Domain Group has released its latest quarterly rent report, claiming that “renters are finally seeing some relief, with most major cities experiencing rent prices either declining, increasing at a slower pace, or stopping rising altogether.”
However, a close look at Domain’s figures shows most Australian tenants are unlikely to be popping champagne corks and celebrating much cheaper weekly rental prices, while most landlords are unlikely to notice much change, if any, to their existing rental income.
The details
Domain says its latest Rent Report for the June Quarter of 2024 “reveals positive news for tenants, with several market indicators shifting in their favour.”
“For houses, the pace of quarterly rental growth was 1.5 times slower than the previous quarter across the combined capitals, halved in Melbourne and Brisbane and (was) seven times slower in Adelaide, while growth stalled in Sydney and Perth, and declined in Hobart,” the company’s latest report states.
“For unit rents, the pace of quarterly growth was halved across the combined capitals, three times slower in Brisbane, stalled in Melbourne, Perth and Hobart, and down in Canberra and Darwin.
“We recognise the challenges renters have been facing,” Domain’s Chief of Research and Economics, Dr Nicola Powell, says, “so it's encouraging to observe our latest data showing easing rental conditions.”
Some perspective
While it’s true that the pace of rental growth for houses has slowed from the previous quarter, it’s worth putting the numbers in some perspective.
Seven out of the eight capital cities see median weekly house asking rents at record levels, with Melbourne, Brisbane, Adelaide, and Darwin all setting new highs in the June quarter, while Sydney and Perth were unchanged, and Canberra bounced back to a previous high.
Only Hobart saw the median weekly asking rent for a house decline by $10 from the record set in Domain’s previous report for the March quarter of 2024.
As for unit rents, five out of the eight capital cities see median weekly unit asking rents at record levels, with Sydney, Brisbane, and Adelaide all at new highs with Sydney (2.9%) and Adelaide (4.3%) seeing extremely strong quarterly price growth.
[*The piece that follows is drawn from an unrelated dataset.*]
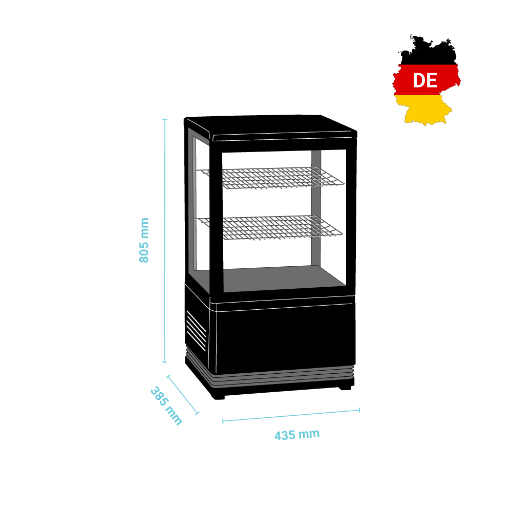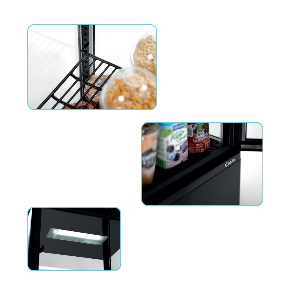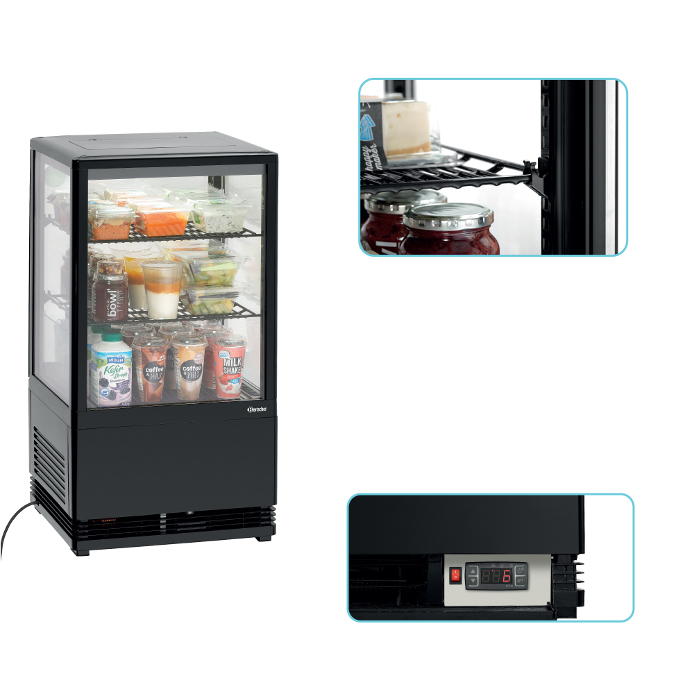 'Εξωτερικές διαστάσεις 435x385x805(h)mm Χωρητικότητα 58 lt Θερμοκρασία +2ºC / +12 οC Ισχύς 180Watt / 230V / 50Hz Ψύξη Βεβιασμένη Απόψυξη Αυτόματη Ψυκτικό υγρό R600a Επίπεδα προβολής 3 Σχάρες 2 (380x325mm) Φωτισμός LED Κλιματική κλάση 4 (30°C & 55%RH) Βάρος 28,5 Kg Ανοιγόμενη πόρτα εμπρός Ρυθμιζόμενες καθ'' ύψος σχάρες Διακόπτης ON/OFF'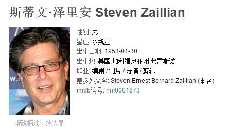 斯蒂文·泽里安可是奥斯卡级的金牌编剧。他参与编剧的电影包括《无语问苍天》《碟中谍》《汉尼拔》《纽约黑帮》《点球成金》《龙纹身的女孩》等等大量热门电影,当然,还少不了大名鼎鼎的《辛德勒的名单》,凭借《辛德勒的名单》,他拿到了那年的奥斯卡。嗯。

Median weekly unit rents in Canberra were $10 (or -1.8%) cheaper than the record set in the last (March) quarter, while Darwin asking prices were $20 (or -3.6%) lower than the March quarter.
This is particularly unsurprising in these two cities.
As places with a lot of government employment and a strong transitory workforce, demand for rentals is usually strongest in these cities at the start of the year, when many new workers arrive to begin year-long assignments or postings.
Rental markets tend to be much quieter in the Autumn and Winter months.
It’s also worth noting that 10 of the 16 capital city house and unit markets surveyed by Domain see annual rent growth well above the current annual inflation rate of 4%, ranging from 7.1% for Sydney houses to an astonishing 14.6% for units in Perth.
Only investors with property in Canberra, Hobart and Darwin would have experienced rental growth (for both houses and units) lower than the current rate of inflation.
The outlook
“Looking ahead, Australia's rental market will continue to be more balanced, driven by several factors,” says Domain’s Dr Nicola Powell.
“Firstly, rental growth is slowing in line with a gradual increase in rental availability, which will lead to a rebalancing of supply and demand pressures.”
This might be true, but if it is, it is happening quite slowly as there remains a chronic shortage of rental housing in Australia.
In its latest monthly Home Value Index report, rival data house Core Logic noted that “nationally, the decade average rate of annual rental growth prior to the pandemic was just 2.0%.”
While rent growth may be slowing or even declining in some parts of Australia, it’s going to take many years to revert to that previous national decade average.
Domain’s Nicola Powell also believes that “rental demand is easing, as the number of prospective tenants per rental listing has consistently fallen throughout 2024.”
“This aligns with overseas migration passing a peak, and it’s expected to decline further in the year ahead.”
She also points to the “slow comeback” of investors to the property market and a number of new first-home buyer schemes and stamp-duty tax breaks coming into effect which “aim to facilitate home ownership transitions and improve affordability, further alleviating rental conditions in Australia.”
However, Domain’s own figures show rental vacancy rates around the country remained incredibly low during the June 2024 quarter.
Most analysts regard a 3% vacancy rate as a “balanced market”, where tenants have a decent choice of rental properties to choose from, while landlords can still command a fair rental return.
In perhaps the most telling sentence of the June Quarter 2024 Rental report, Domain admits, “the misalignment between supply and demand is still on full display across Australia’s rental market, with each capital city operating with a sub-2% vacancy rate, so tenants remain in a landlords’ market.”
I’d suggest that’s unlikely to change much in the foreseeable future, meaning Domain has tried to put a silver lining on what’s still an extremely black cloud for renters.